Unterbrochen wird diese Erzählung immer wieder in regelmäßigen Abständen durch Einschübe, in denen uns Liebers Mutter von ihrem Schicksal auf Island erzählt, davon, wie sie, innerlich nahezu versteinert, auf der Insel eintraf, wo sie, wie ihre Schicksalsgenossinnen, auf Lastwagen verfrachtet wurde und schließlich auf einem abgelegenen Hof in der Einöde landete, wo sie zukünftig als Dienstmädchen arbeiten sollte. Ein Programm übrigens, das es so tatsächlich gegeben hat. Denn viele Isländerinnen hatten nach dem Krieg das harte Leben auf den Höfen aufgegeben und waren entweder in die Hauptstadt gegangen oder sie waren mit den amerikanischen Soldaten, die hier während des Krieges stationiert waren, in die Staaten ausgewandert. Für deutsche Frauen wie Heinrich Liebers Mutter bot dieses Programm tatsächlich die Möglichkeit eines neuen Anfangs, eine Flucht vor den Schrecknissen, eine Möglichkeit, den Dämonen der Erinnerung zu entkommen – Bombennächte in den Bunkern und Kellern deutscher Großstädte; Vergewaltigungen durch feindliche Soldaten; das Gefühl des vollkommenen Ausgeliefertseins; die Vertreibung aus der Heimat; von den Verlusten geliebter Menschen ganz zu schweigen; aber auch dem Gefühl der Schuld  –, die sich in den Seelen fest eingefräst hatten.

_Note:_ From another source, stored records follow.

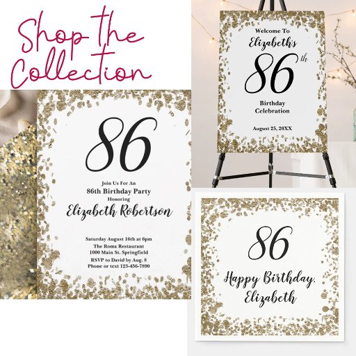 86th Birthday Gold Glitter Glam CelebrationDesignt von Kara Buntin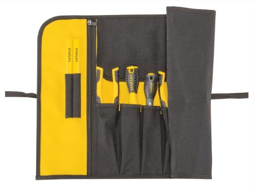 The STANLEY® 1-93-601 Tool Roll is made from durable 600 denier fabric. Contains 12 pockets for various sizes of tools and ties for convenient and safe storage.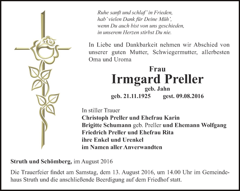 Hier finden Sie alle Traueranzeigen aus der Zeitung, die bisher für Irmgard Preller erschienen sind. Weitere Traueranzeigen, die in der Zeitung erscheinen, werden hier ebenfalls aufgelistet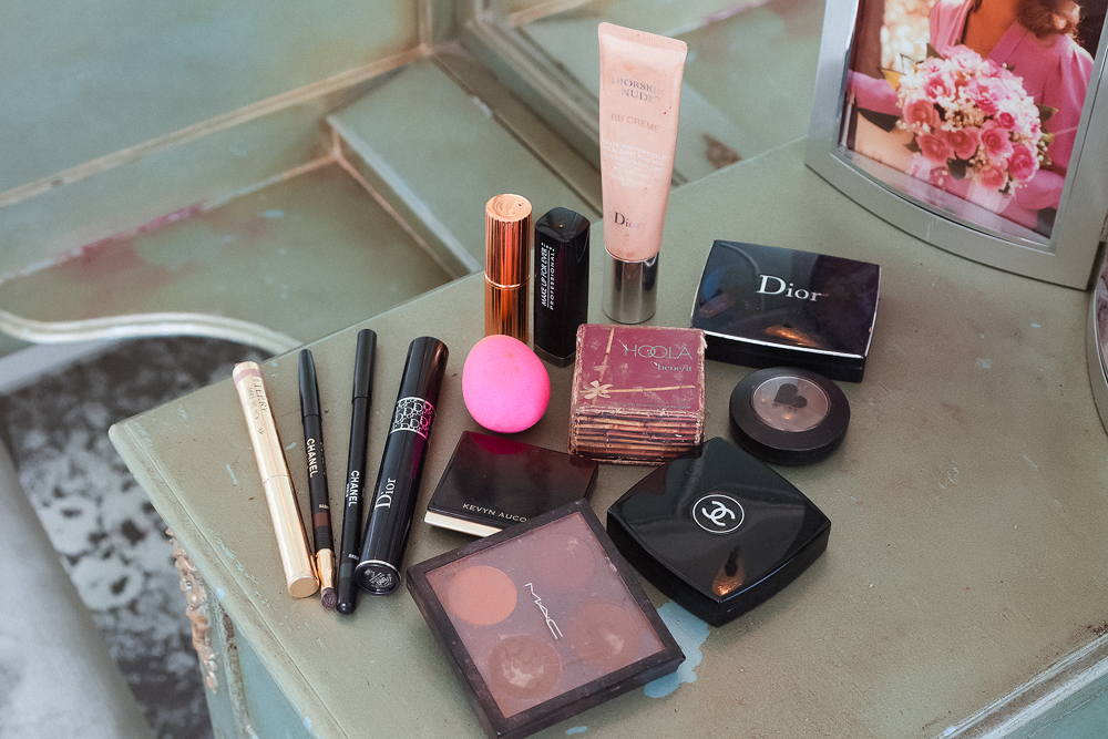 Growing up going to photoshoots, sometimes the makeup artists were nice enough to let me play with their makeup. I was such a little princess back then, so that was exciting. Now, a regular makeup day is probably wearing nothing on my skin. When I need a little something, I do have this really light BB cream called Diorskin Nude. I just put it on the areas that need it with a Beautyblender. Then I’ll do Chanel Le Crayon Yeux—they do such great liners—in Brun-Cuivré. It has a little bit of a shine to it and it’s really lovely. My mascaras fluctuate, but I like Revlon’s DoubleTwist Mascara. It’ll be that and maybe I’ll do eyeshadow, but it depends on the day. My favorite is Kevyn Aucoin’s Eyeshadow Duo in Storm Cloud/Malbec. I’ll do a little bit of bronzer depending on the time of the year and Benefit’s Hoola is really great.

Diese eingeschobene Erzählung ist allein deshalb schon anrührend, ergreifend und tieftraurig, weil Schmidt diese Frau, die zu Beginn der Romanhandlung ja bereits tot ist, mit eben jener inneren Distanz sich und ihrem eigenen Schicksal gegenüber berichten lässt, die er selbst für seine Erzählung über Heinrich Lieber nutzt. Was also in seinem auktorialen Erzählen aus dem Leben dieses traurigen Mannes zum Ausdruck kommt und da durchaus auch eine komische Note hat, eben weil er Lieber auch als eine tragische weil an sich selbst und dem eigenen Leben, auch den eigenen Ansprüchen gescheiterte Figur erscheinen lässt, bekommt in der Erzählung seiner Mutter tatsächliche Tiefe, da hier ein Mensch, ohne sich zu rechtfertigen, erzählt, wie er innerlich erkaltete, immer größeren Abstand zu sich und dem eigenen Leben aufbaute und eigentlich erst in der für ihn maximalen Fremde die Möglichkeit eines vielleicht neuen Glücks fand. Immerhin hat diese Frau erneut geheiratet, hat einen Isländer gefunden, den sie vielleicht lieben konnte, mit ihm auf jeden Fall noch drei Kinder, drei Töchter, bekommen und großgezogen.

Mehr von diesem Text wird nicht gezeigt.